Dietary supplements and foods with added dietary ingredients, such as vitamins and herbs, constitute multibillion dollar industries. Past reports on the Food and Drug Administration's (FDA) regulation of these products raised concerns about product safety and the availability of reliable information. Since then, FDA published draft guidance on requirements for reporting adverse events--which are harmful effects or illnesses--and Current Good Manufacturing Practice regulations for dietary supplements. GAO was asked to examine FDA's (1) actions to respond to the new serious adverse event reporting requirements, (2) ability to identify and act on concerns about the safety of dietary supplements, (3) ability to identify and act on concerns about the safety of foods with added dietary ingredients, and (4) actions to ensure that consumers have useful information about the safety and efficacy of supplements.

Recommendations

Recommendations for Executive Action

Agency Affected Recommendation Status
Department of Health and Human Services To enhance FDA's oversight of dietary supplements and foods with added dietary ingredients, and to improve the information available to FDA for identifying safety concerns and better enable FDA to meet its responsibility to protect the public health, the Secretary of the Department of Health and Human Services should direct the Commissioner of FDA to request authority to require dietary supplement companies to (1) identify themselves as a dietary supplement company as part of the existing registration requirements and update this information annually, (2) provide a list of all dietary supplement products they sell and a copy of the labels and update this information annually, and (3) report all adverse events related to dietary supplements.
Closed – Implemented
FDA officials told us they requested additional authority as part of the FDA Food Safety and Modernization Act of 2011 (FSMA) to modify the list of required food categories that FDA uses to identify firms by industry as part of existing registration requirements. In August 2012, FDA published draft guidance expanding the list of food categories required at registration to include dietary supplement categories that were previously optional. FDA issued final guidance in October 2012. Requiring dietary supplement firms to provide information on the products they sell has been part of multiple proposed legislative efforts but has not become law. Mandatory reporting of all adverse events for dietary supplement firms was proposed in S. 3002, the Dietary Supplement Safety Act of 2010, sponsored by Senators McCain and Dorgan, but did not pass the Senate.
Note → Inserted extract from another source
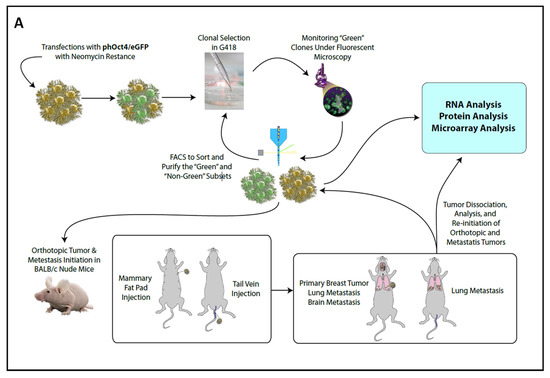 The metastatic potential of breast cancer significantly correlates with treatment failures, leading to increased morbidity and mortality, and is strongly mediated by CSCs [25]. Although causal mechanisms of PTFs such as Oct3/4 in cancer are complex and difficult to unravel, their differential expression in breast cancer compared to normal tissues is well established [26]. Several studies have revealed the role of Oct3/4-regulated PTFs in maintaining pluripotency, differentiation and EMT/MET plasticity in several types of cancers, including breast cancer [18,19]. In this study, we explored the association of a Oct3/4-related network of transcription factors, with the tumor initiation and metastatic potential of BCSCs. Additionally, we also assessed the tissue specific heterogeneity in the expression of this transcriptome, which may shed light on organ preferences for metastasis. For example: tumors in breast cancer have metastatic preference for bones, lungs, liver and brain [27]. We used the triple negative metastatic breast cancer cell line MDA-MB-231 transfected with an exogenous human Oct3/4-GFP promoter in a mouse tumor model. Two-dimensional cultures in a normal growth medium, both polyclonal and monoclonal, demonstrated a variable Oct3/4-GFP expression (Supplementary Figure S2). The heterogeneity of the cells in the culture with respect to the Oct3/4 activation could be modulated by growth conditions such as the addition of growth factors, anchorage dependence and serum withdrawal in the stem cell culture (SCC) media to induce and stably maintain the Oct3/4 expression. We have previously optimized the generation of brain tumor spheres with a sustained Oct3/4 expression in a glioma model and in osteosarcoma [17,20]. In this study, we were able to generate mammary epithelial stem cell aggregates (mammospheres) and verified the complete and stable expression of the Oct3/4 expression using GFP and flow cytometry (Figure 1A,B).

Although these efforts did not become law, the recommendation was closed because FDA did what GAO asked by requesting the necessary authorities.
Department of Health and Human Services To enhance FDA's oversight of dietary supplements and foods with added dietary ingredients, and to better enable FDA to meet its responsibility to regulate dietary supplements that contain new dietary ingredients, the Secretary of the Department of Health and Human Services should direct the Commissioner of FDA to issue guidance to clarify when an ingredient is considered a new dietary ingredient, the evidence needed to document the safety of new dietary ingredients, and appropriate methods for establishing ingredient identity.
Closed – Not Implemented
In July 2011, FDA published draft guidance for industry on new dietary ingredient notifications and related issues. This draft guidance includes information on when a dietary ingredient is considered new, evidence of safety, and methods for ingredient identity. To close the recommendation as implemented, FDA would need to finalize its draft new dietary ingredient guidance. As of December 2017, FDA has yet to issue final guidance, so we are closing the recommendation as not implemented.
Department of Health and Human Services To enhance FDA's oversight of dietary supplements and foods with added dietary ingredients, and to help ensure that companies follow the appropriate laws and regulations and to renew a recommendation we made in July 2000, the Secretary of the Department of Health and Human Services should direct the Commissioner of FDA to provide guidance to industry to clarify when products should be marketed as either dietary supplements or conventional foods formulated with added dietary ingredients.
Closed – Implemented
FDA issued two final guidance documents in January 2014 that responded to this recommendation. Specifically, FDA issued "Guidance for Industry: Distinguishing Liquid Dietary Supplements from Beverages" and "Guidance for Industry: Considerations Regarding Substances Added to Foods, Including Beverages and Dietary Supplements." Both of these guidance documents clarify the boundary between conventional foods, such as beverages, and dietary supplements. The second guidance document also clarifies how products should be marketed when substances, such as dietary ingredients, are added.
Department of Health and Human Services To enhance FDA's oversight of dietary supplements and foods with added dietary ingredients, and to improve consumer understanding about dietary supplements and better leverage existing resources, we recommend that the Secretary of the Department of Health and Human Services should direct the Commissioner of FDA to coordinate with stakeholder groups involved in consumer outreach to (1) identify additional mechanisms--such as the recent WebMD partnership--for educating consumers about the safety, efficacy, and labeling of dietary supplements; (2) implement these mechanisms; and (3) assess their effectiveness.
Closed – Implemented
FDA has completed two of the three components of this recommendation: identifying mechanisms for educating consumers and implementing the mechanisms. Although it did not complete the third component--assessing the mechanisms--we closed the recommendation because FDA had done the majority of what was asked. Agency officials said that assessing the effectiveness of these mechanisms would take a sizable effort that they would have to consider in light of their other priorities.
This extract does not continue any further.